Did you do any research? Please try to consider how growth in a market works…
Literally, just trying to help you understand.
Can you be more specific with your question / comment? Happy to discuss details but need to know what you’re implying or saying.
Did the Board of Regents approve of this acquisition and underlying sole-source contracts with Zovio? Are these public documents?
Yes, the Board of Regents approved of the acquisition and even put out a statement:
https://arizona.app.box.com/v/GlobalCampus/file/699555624768
I have been told that the agreement itself will likely be released in three months. I believe the docs should be subject to public records law, but I have not pursued a formal request yet, nor have I found any contractual information.

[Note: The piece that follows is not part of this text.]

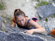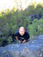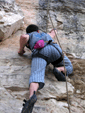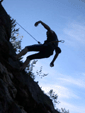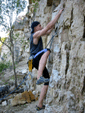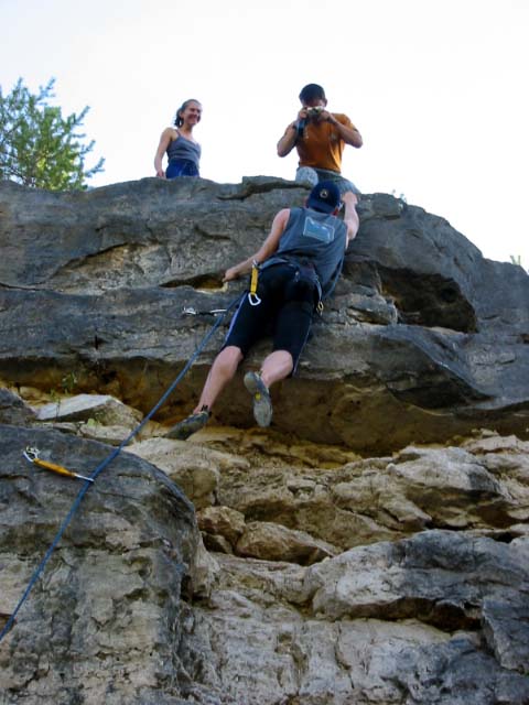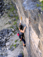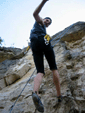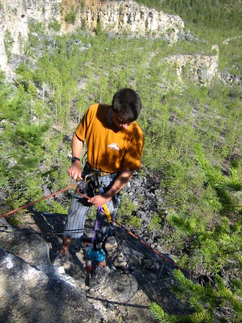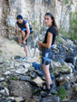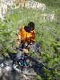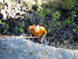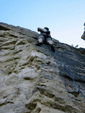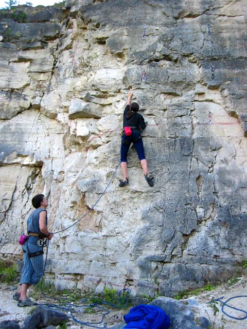 Итак, с чего начинать бить маршрут? Видимо, сначала надо найти подходящее место и опробовать его собой. Я спустилась вниз и пошла вдоль стены с видом профессора по пробиванию маршрутов. Мне приглянулись три места, два из них находились рядом, там-то мы и провесили верхнюю страховку для опробования. Далее в течение битого часа мы с Britt'ом мусолили эти два маршрута, по ходу дела отламывая половину плохо державшихся зацепок и продумывая возможные ограничения. Правый маршрут был чуть сложнее, но бить крючья в нем не представлялось возможным - камень был слишком рыхлым. В результате было принято компромисное решение - повесить базу над правым маршрутом, что позволило бы ходить его с верхней страховкой, а шлямбура пробить по левому с уходом вправо, к базе, на уровне предпоследней оттяжки. На этом свою миссию мы посчитали выполненной и передали дело в надежные Сережины руки, с чистым сердцем отправившись лазать.

As a graduate student and Research/Teaching Assistant at UA and alumnus of ASU, I find this post both interesting but rooted in too many assumptions. It’s not difficult to be wary of the financials and even the president’s motivations here, but I think the COVID reality we find ourselves in warrants some consideration. No reasonable person would enter into such an agreement in this economic climate that didn’t have certain financial safeguards in place. That would be ludicrous. To assume that the UA wouldn’t use the mistakes of Purdue Global as a benchmark for what not to do isn’t giving them enough credit. From my seat, the University as an institution hasn’t done much in the way of ramping up the development of Online resources (Arizona Online) in response to COVID. Much of this was left to the University’s Colleges and Departments to figure out. It’s no secret that Robbins opted for the free agent here over pulling from the farm organization, but that isn’t enough to conclude that the free agent won’t deliver or that his contract looks identical to the last free agent to make a similar run.
Fair enough, and I acknowledge that there are assumptions involved. This is the key paragraph [emphasis added in comment]:
I am likely to revisit this story today or tomorrow based on some new information on what the deal actually is. But the overall messaging is part of the problem. Not stating where the deal is different than Purdue’s (today’s EdSurge article provides some clarity here), and not providing full answers in the FAQ (in particular the one about how much Zovio will make each year.
I truly hope you’re right that UA has learned from Purdue’s mistakes, but the school should provide real explanations (in particular sharing the contract structure) and much-better answers to FAQs.